The Wounded Heart Club

Working as a Firefighter I was stationed at all the busy fire houses and I loved it. What this meant was we were usually eating on the run and getting called out in the middle of the night. Many of the calls we got called out on where for horrific and traumatic deaths.


I remember numerous traumatic calls my crew and I went on and usually the only outlet for sharing emotions after theses incidents is a form of dark humor that gives the individual an opportunity to talk about the event but in a funny and sarcastic way. This bypasses an actual emotional conversation but still gives a way of releasing some heavy emotions. The other common coping tool for Firefighters is using sexual innuendos and jokes. This is a coping mechanism that reverts the person back to a childhood age. This happens often in the firehouse just through the pure inability to process and communicate emotions. This is a regular occurrence because the trauma brings the persons emotional state internally to a breaking point and when the tools or skill sets are not there then the person reacts from the inner child state.

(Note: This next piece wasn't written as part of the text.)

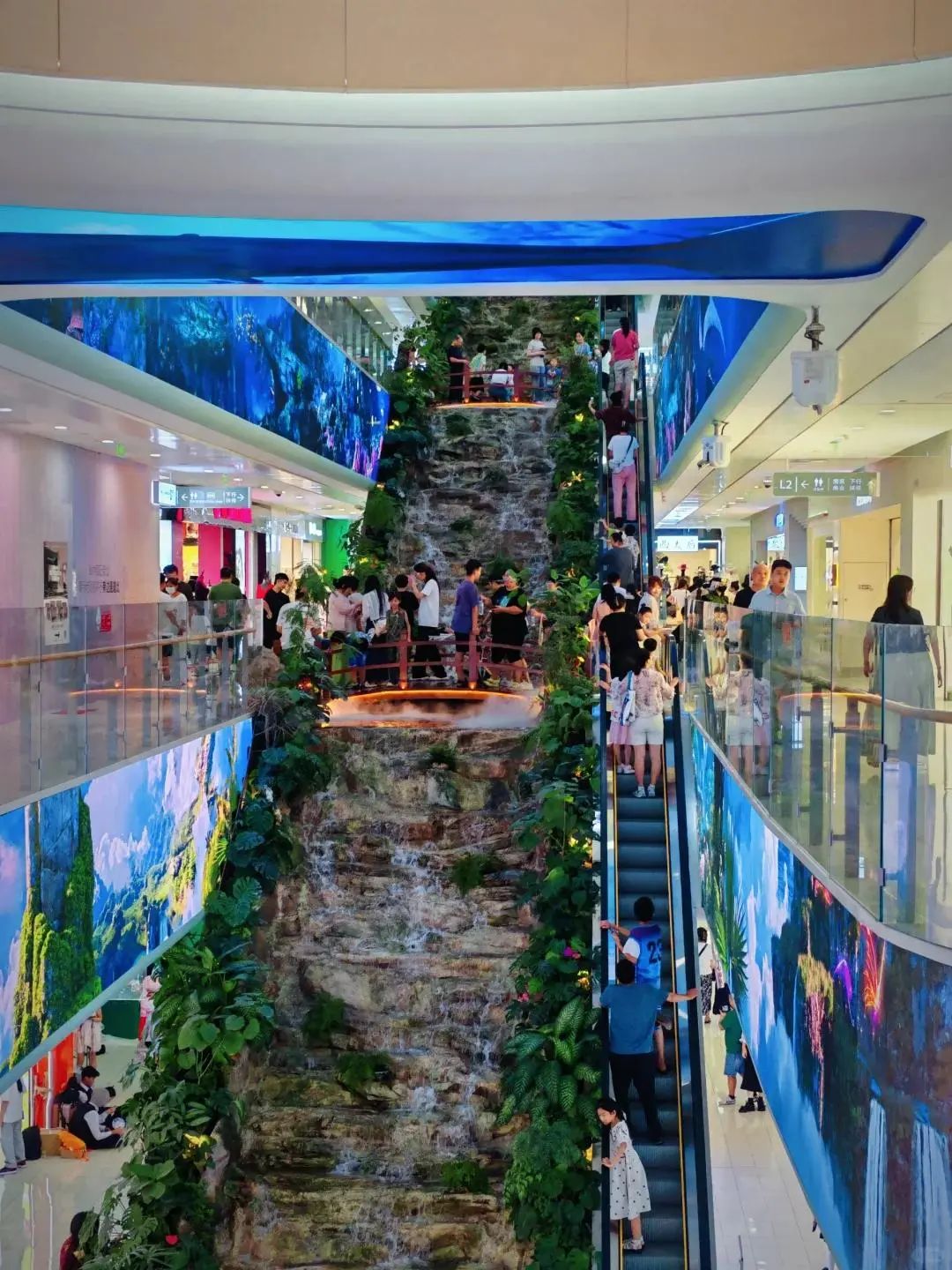 不仅有网红瀑布贯穿商场五层楼高,还可以坐上顶楼的摩天轮到达最高处,俯瞰城市的灯火阑珊。

After I left the fire service I expected to hear from many of the Firefighters I worked with for over a decade. I thought for sure I would receive phone calls and good look wishes. In a department of 700 plus people lets just say 3% reached out. I was able to come to a deeper understanding of this inability to tap into emotions through what I learned from my own healing as a client in therapy and as a therapist myself. Firefighters have a special gift to be able to do intense traumatic work for decades but this gift doesn't come with out its darker side. To show up day in and day out for people in the worst times of there life there becomes a numbing and compartmentalizing of these traumas and of their emotions. I also experienced this numbness in many parts of my life, relationships, friends and family. When I fully started to understand this compartment syndrome I began to understand all the brothers and sisters I call family in the Fire department.

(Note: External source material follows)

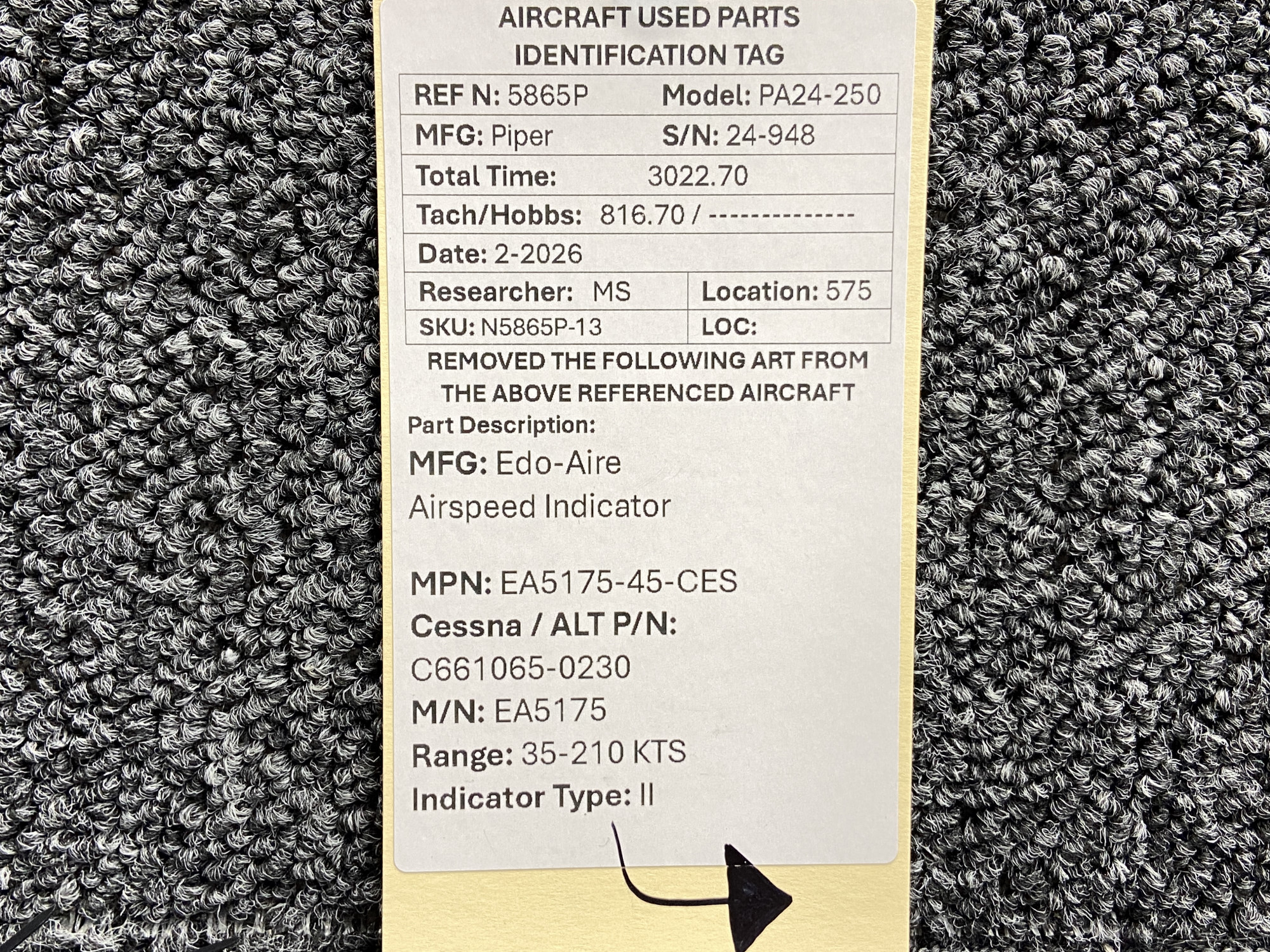 Unless specifically noted, most of our used airplane parts are sold in the condition they were removed, which means you should expect the usual signs of wear and tear.

I remember a call I went on as a Firefighter where a 4 year old child had drown in a bathtub. Parents gave the child Tylenol and the bathtub was filled to the top, the child fell asleep from the medicine and was drowned. The whole time we were doing CPR on the child the family thought we would easily revive the child, The Child was never able to be revived. We transported the child to the hospital and it wasn't until I heard the family crying in the trauma room with their full realization of their dead child that I was affected by this traumatic scene. I viscerally remember this experience and how it affected me. I felt so much emotions around this call and I also remember thinking I don't want to feel that again on a conscious and subconscious level.


The experience of trauma after trauma and packing away the emotions tied around these events was a regular occurrence in my career as a Firefighter, I also know its the same for many people that choose that profession. You go from one traumatic death to the next and there is no room or space for emotions so you block it out. The sad part is its gotta go somewhere and when there is no room anymore to compartmentalize it starts to seep out in everyday life.


The reality of all Firefighters, First Responders and Police is they are a ticking time bomb and these symptoms of burn out and emotional compartment syndrome are over flowing in their lives even if they can't see it yet. The answer to this problem is to begin to feel to heal, to talk about what they have seen and face the reality that no matter how many compartments you have to store away the traumas these compartments will eventually fill up and the result will be disastrous.


PTSD and Mental Health are becoming a talked about issue in the Fire Service and also for all emergency workers. The emergency calls are not decreasing so this means that a person in these careers needs the tools of well being because what they see and do will for sure be carried with them for the rest of their lives if they don't feel it and heal it now.